Das erfordert allerdings Zeit und speziell qualifiziertes Personal – und daran hapert es in vielen Kliniken. Der mit der Privatisierung im Gesundheitswesen einhergehende Druck, nicht nur wirtschaftlich vernünftig, sondern profitabel arbeiten zu müssen, verschärft das Problem.

Auch der in den letzten 10 Jahren bundesweit erfolgte Abbau von über 50 % der Lehrstühle für Hygiene und Umweltmedizin muss rückgängig gemacht werden, weil ohne entsprechende Fachkompetenz die Situation kaum zu verbessern ist.

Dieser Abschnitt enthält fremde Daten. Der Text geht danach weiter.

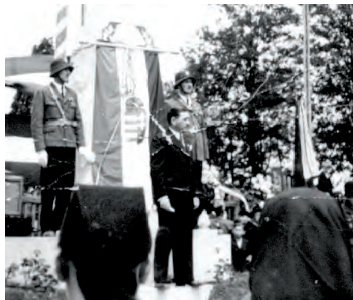
Május végén lesz 70 esztendeje, hogy felavatták az emlékművet, amelynél most nyugodtabb lehet a megemlékezés

A háborúban még lassabban gyűltek a pengők és a fillérek, s egyre távolibbnak tűnt az első

Diese Erkenntnis muss bei den Universitäten und Hochschulen ankommen und umgesetzt werden.

Das Infektionsschutzgesetz, das letztes Jahr in Kraft trat, sieht u. a. vor, dass die Länder bis zum 31. März 2012 eine Rechtsverordnung erlassen. Die wollen wir natürlich kennen lernen und so ist dieser Antrag wohl auch als Aufforderung zu verstehen, den Ausschüssen die Verordnung vorzustellen und über weitere Maßnahmen zur Einhaltung des Gesetzes zu berichten.

Auch solche Projekte wie das „Netzwerk Hygiene Sachsen-Anhalt“, das ich bei meinen Recherchen zu diesem Antrag auf der Homepage der Ärztekammer gefunden habe, sollten in der Ausschussdiskussion eine Rolle spielen.

Weitere wichtige Fragen in dieser Diskussion wären sicher auch die

  • nach der finanziellen Absicherung der notwendigen hygienischen Maßnahmen in den Krankenhäusern,
  • nach Formen der Kontrolle und Sanktionen der Nichteinhaltung von Vorschriften
  • sowie nach einer wirksamen und für alle verständlichen Arzneimittelberatung.

Und nicht zuletzt dürfte es auch für den Sozialausschuss interessant sein, wie die Deutsche Antibiotika-Resistenzstrategie (DART) in der Tierhaltung zur Nahrungsmittelproduktion umgesetzt wird.

Wir stimmen dem Antrag zu und erwarten gespannt die Berichterstattung und hoffentlich auch die Rechtsverordnung in den Ausschüssen.